April 21 – 24, 2023
🏡 Untitled Space, Kyojima, Tokyo







Kyojima, the island of today


Kyojima, today’s island,
murmurs drifting under half-open genkan,
conversations in the shade—about rain, about sunshine—houses stretching, bending,
the hymn of the shōtengai.
Is it countryside, or a city?
The Skytree watches over, belly full of fireflies,
alleys winding with stray cats, corrugated roofs.
Fires spreading, halted by new houses—stone, not straw.
Young shoots piercing through concrete, asphalt, earth.
Semi-public pots flirting with life.
While waiting for the tsunami, we enjoy this island,
a future Atlantis.
What we do here is proto-archaeology,
a kind of contemporalogy.


This exhibition is rooted in our documentary practice, through which we have been exploring urban contexts since 2016, with a particular interest in Japanese cities and their dynamics of revitalization. Since 2019, our focus has turned to the city of Onomichi (Hiroshima Prefecture), after a period of volunteering with the Onomichi Akiya Saisei Project, renovating vacant houses. In 2022, we discovered a distant cousin of Onomichi in Tokyo: Kyojima (Sumida-ku), where Thomas lived for a year. It shares surprising similarities with Onomichi: the bubbling of paradoxical forces—where the outdated hybridizes with the contemporary, where zoning pressure collides with the resilience of informality, where disaster risk coexists with the serenity of daily life, where traces of deep time meet the horizon of disappearance.

We sought to capture these energies and make them perceptible by producing a documentary of a peculiar kind.
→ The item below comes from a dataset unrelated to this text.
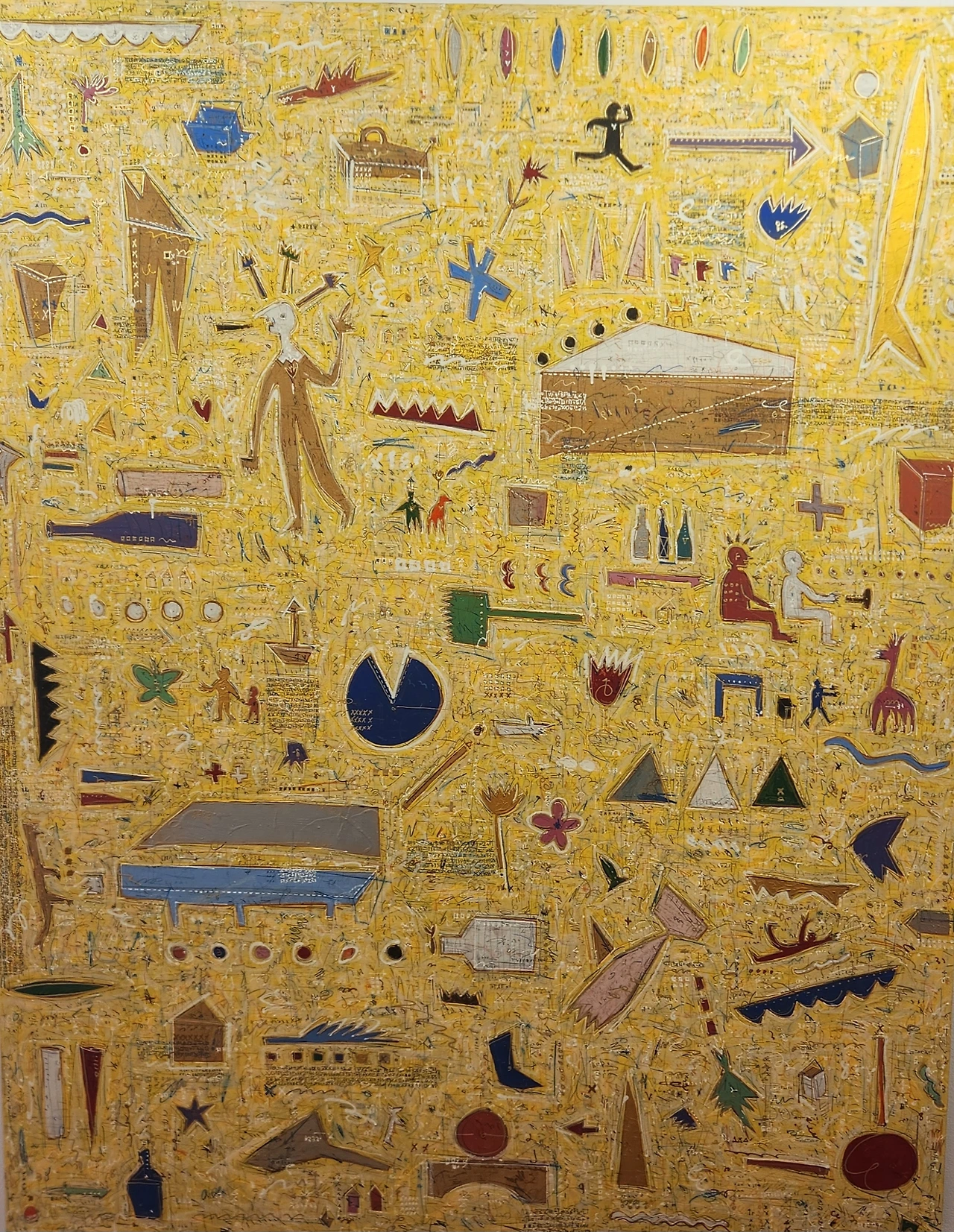 잠시 공백이 생긴 여유시간, 이번에는 여직원이 자발적으로 주목받고 있는 작품이라며 안내하였다. 그녀는 선뜻 관람객에게 말을 걸기 쉽지 않았다고 속마음도 토로했다. 그림 설명에 신이 나 보였다. 홍정우작가의 그림이라며 젊은 신인화가란다. 그저 어린이들의 낙서 같은 습작 이려니 하며 지나쳤더랬다. 낙서 같은 그림을 그리게 된 배경을 이야기로 시작했다. 어렸을 때 아버지와 함께 <인생은 아름다워>라는 영화를 보았던 일을 회상한 것이라 하는데 당시에는 무척 슬픈 영화로 기억되었다고 했다. 하지만 긍정적인 면으로 다시 인식하게 되면서 낙서 같은 그림에 천착하게 되었다고 말해주었다.

This time, the documentary is not photographic. The human figure is no longer central. No people. Not even architecture in a strict sense. Instead: plants. Arrangements. DIY. Animals. Shapes. Textures. The human is present only in traces, in the background—in our gaze, in our gestures, in various degrees of agency and representation. Wandering, drifting, and gathering form the basis of this herbarium of materials: sensations, photographs, found objects.
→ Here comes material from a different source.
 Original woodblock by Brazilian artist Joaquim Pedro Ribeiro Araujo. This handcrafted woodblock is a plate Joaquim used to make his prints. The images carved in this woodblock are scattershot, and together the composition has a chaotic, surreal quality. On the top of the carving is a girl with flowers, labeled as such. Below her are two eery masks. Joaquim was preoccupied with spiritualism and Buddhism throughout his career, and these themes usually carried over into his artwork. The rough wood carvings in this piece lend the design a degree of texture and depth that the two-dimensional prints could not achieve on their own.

We paid special attention to in-between spaces, both private and public: the fronts of houses. These are spaces of coexistence and negotiation. Flower pots (hachiue) are arranged, while more informal forms of life also seek to nest in the interstices. Plants, called “invasive,” spontaneous, wild. Mini-altars of greenery are assembled with makeshift materials among discarded objects, forming urban sculptures waiting to be recognized at their true value—found sculptures. Birds land there, bees forage, cats wander, Kyojima’s turtles rest.

These spaces of creativity abound and are particularly vivid in this neighborhood. What we propose is the fruit of our gathering, moving from factual (photographic) representations to different modes and degrees of artialization—from installation to sculpture to painting—while also resonating with the identity of UNTITLED space through in situ interventions. Each attempt seeks to touch, draw out the essence, and share these forms of vernacular beauty particular to Kyojima.